Yes, I agree, but we are a very small business.  We are only 7 people 
and have doubled in size int he past year.

The Windows server is an old low end Dell server machine.
I'm glad it was the memory module and not something on the MB.

We are working on migrating off of it as time allows.

>    Of course this requires specialized server hardware, as well as
> software support. (I don't even know if Windows supports this. I'm
> assuming NT and its spawns ought to, but I have never heard either way.)
>
>    And also I'm assuming this is not cheap, so management do not want.
>

We do have some methods to getting back up relatively quickly - tho they 
are not instantaneous.  Management is now willing to spend the money 
where needed - tho I don't think we will go to fail-safe quite yet.

Post a reply to this message

From: Invisible
Subject: Re: Dual Server Failure
Date: 16 Jan 2012 08:11:20
Message: <4f1421f8$1@news.povray.org>

On 16/01/2012 12:36 PM, Tom Austin wrote:

> We do have some methods to getting back up relatively quickly - tho they
> are not instantaneous.

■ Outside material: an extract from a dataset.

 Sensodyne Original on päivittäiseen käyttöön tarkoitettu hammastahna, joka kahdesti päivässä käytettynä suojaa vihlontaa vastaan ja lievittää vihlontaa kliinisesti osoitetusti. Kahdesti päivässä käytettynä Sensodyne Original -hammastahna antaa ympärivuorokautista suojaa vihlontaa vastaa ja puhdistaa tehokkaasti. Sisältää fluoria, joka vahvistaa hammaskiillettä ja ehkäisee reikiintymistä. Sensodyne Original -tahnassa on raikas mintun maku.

Management is now willing to spend the money
> where needed - tho I don't think we will go to fail-safe quite yet.

Yeah, it's funny... I've noticed this strange correlation between 
expensive down-time and management willingness to invest in 
fault-tolerant equipment. ;-)

Post a reply to this message

From: Francois Labreque
Subject: Re: Dual Server Failure
Date: 16 Jan 2012 08:51:02
Message: <4f142b46$1@news.povray.org>

> On 16/01/2012 12:36 PM, Tom Austin wrote:
>
>> We do have some methods to getting back up relatively quickly - tho they
>> are not instantaneous. Management is now willing to spend the money
>> where needed - tho I don't think we will go to fail-safe quite yet.
>
> Yeah, it's funny... I've noticed this strange correlation between
> expensive down-time and management willingness to invest in
> fault-tolerant equipment. ;-)

One of my all-time favorite post-mortem meetings went something like this:

Background info: there was a major catastrophe the night before.  A 
repeat of prevous incidents.  As a result, our customer made the news.

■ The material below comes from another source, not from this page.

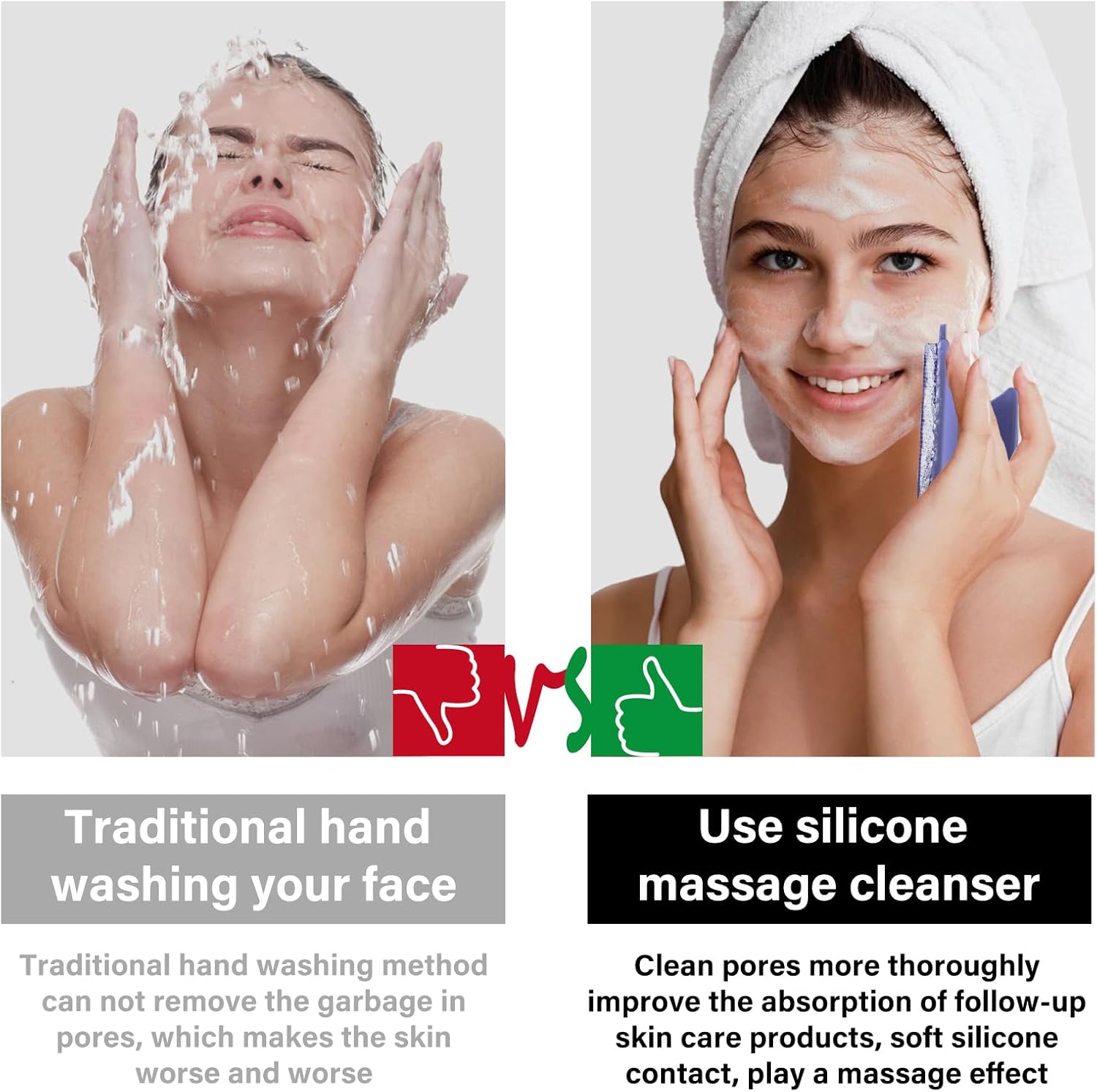 - Durable silicone brush: Made of tough, non-toxic, food-grade silicone, it is more environmentally friendly, reusable, and features soft and smooth bristles that massage the face with our facial cleansing brush to cleanse pores and enhance the absorption of skincare products.

10:45am: we meet with our management to quickly explain to the big 
bosses what happened, what we did to resolve it, and how we wrote this 
nice proposal six months ago to permanently deal with the issue.  Big 
Boss says "we'll try to steer clear of We-Told-You-So, but we'll also 
remind them that this could have been avoided.  Let me do the talking 
and jump in if I mess up on my technical mumbo-jumbo"

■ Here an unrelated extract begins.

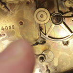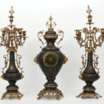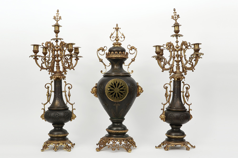 Antieke driedelige schouwgarnituur in deels gedoreerd en deels gepatineerd koper, met een klok met werk getekend H. Luppens – hoogtes : ca 62 cm

11:00am: We walk in the customer's board room.  Before we're fully 
seated, the CIO opens up by saying "We know you told us so last time, 
but... is there something else we can do other than upgrade these 
Whatchamacallits?"

...

It took them two more major incidents - including one where they ended 
up on the cover of Time Magazine - before those old whatchamacallits 
were removed.

-- 
/*Francois Labreque*/#local a=x+y;#local b=x+a;#local c=a+b;#macro P(F//
/*    flabreque    */L)polygon{5,F,F+z,L+z,L,F pigment{rgb 9}}#end union
/*        @        */{P(0,a)P(a,b)P(b,c)P(2*a,2*b)P(2*b,b+c)P(b+c,<2,3>)
/*   gmail.com     */}camera{orthographic location<6,1.25,-6>look_at a }

Post a reply to this message

From: Invisible
Subject: Re: Dual Server Failure
Date: 16 Jan 2012 09:05:42
Message: <4f142eb6$1@news.povray.org>

On 16/01/2012 01:51 PM, Francois Labreque wrote:

> "We know you told us so last time,
> but... is there something else we can do other than upgrade these
> Whatchamacallits?"
>
> ...
>
> It took them two more major incidents - including one where they ended
> up on the cover of Time Magazine - before those old whatchamacallits
> were removed.

One has to wonder why people are so resistant to fixing the problem. The 
solution is right there, and yet you want to go around the hard way. Why?

Post a reply to this message

From: Tom Austin
Subject: Re: Dual Server Failure
Date: 16 Jan 2012 10:56:26
Message: <4f1448aa$1@news.povray.org>

On 1/16/2012 8:11 AM, Invisible wrote:
> On 16/01/2012 12:36 PM, Tom Austin wrote:
>
>> We do have some methods to getting back up relatively quickly - tho they
>> are not instantaneous. Management is now willing to spend the money
>> where needed - tho I don't think we will go to fail-safe quite yet.
>
> Yeah, it's funny... I've noticed this strange correlation between
> expensive down-time and management willingness to invest in
> fault-tolerant equipment. ;-)

As we get more people and process more data - the more down time will 
cost.  Eventually we may get to higher uptime requirements - but for now 
2 hours of downtime 2x a year is not too bad.

Post a reply to this message

From: Invisible
Subject: Re: Dual Server Failure
Date: 16 Jan 2012 11:07:52
Message: <4f144b58@news.povray.org>

>> Yeah, it's funny... I've noticed this strange correlation between
>> expensive down-time and management willingness to invest in
>> fault-tolerant equipment. ;-)
>
> As we get more people and process more data - the more down time will
> cost. Eventually we may get to higher uptime requirements - but for now
> 2 hours of downtime 2x a year is not too bad.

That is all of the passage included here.